**Task details:** From the line with "Close-up of the" to the line with "A Prefeitura de", output every line below exactly, both ends included. Skip the pictures.

:: Data to examine

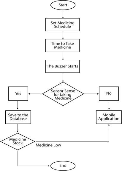 Sensors are implemented to detect the statusofthemedication,whetherithasbeen takenornot.
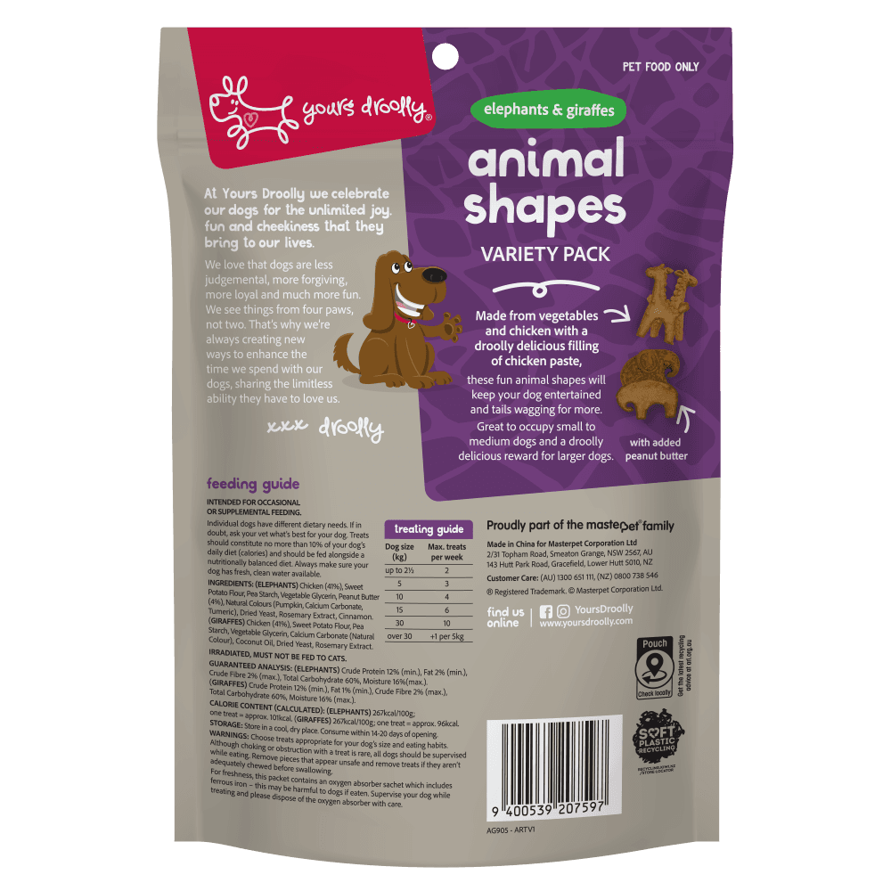The Yours Droolly Chicken Paste Filled Animal Shapes Variety Dog Treats offer a playful and engaging chewing experience designed to keep your pet entertained for longer. This variety pack features whimsical elephant and giraffe shapes crafted from a blend of vegetables and protein, each concealing a savoury chicken paste centre that rewards your dog as they chew.
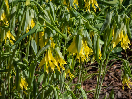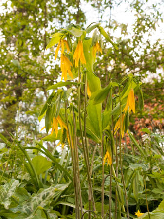 Close-up of the perfoliate bellwort (Uvularia perfoliata) growing in the garden and producing pale yellow flowers with long tepals
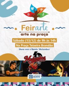 A Prefeitura de Quatis vai realizar, neste sábado (13), mais uma edição da FeirArte, a tradicional feira de artesanatos da cidade. Esta será uma edição extra, seguido do último final de semana, que recebeu a primeira edição de dezembro. A iniciativa faz uma quebra no calendário que estabelece a realização do evento no 1º e no 3º sábado do mês,
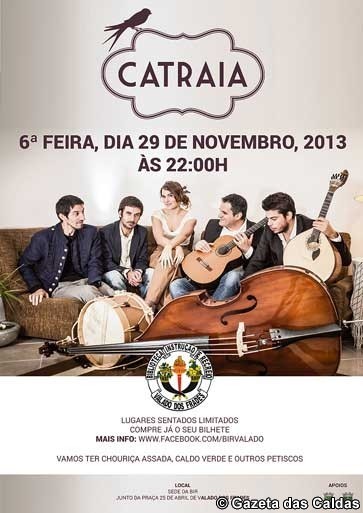 A 29 de Novembro (sexta-feira), pelas 22h00, a Biblioteca de Instrução e Recreio do Valado dos Frades acolhe um concerto com o grupo de música portuguesa, Catraia. Além da actuação, os músicos do grupo vão interagir com o público, numa noite de convívio onde não vai faltar a chouriça assada, a morcela e o caldo verde, entre outros petiscos. Mais informações e reservas pelo tel. 913776838.

::::

**Reply:**
 Close-up of the perfoliate bellwort (Uvularia perfoliata) growing in the garden and producing pale yellow flowers with long tepals
 A Prefeitura de Quatis vai realizar, neste sábado (13), mais uma edição da FeirArte, a tradicional feira de artesanatos da cidade. Esta será uma edição extra, seguido do último final de semana, que recebeu a primeira edição de dezembro. A iniciativa faz uma quebra no calendário que estabelece a realização do evento no 1º e no 3º sábado do mês,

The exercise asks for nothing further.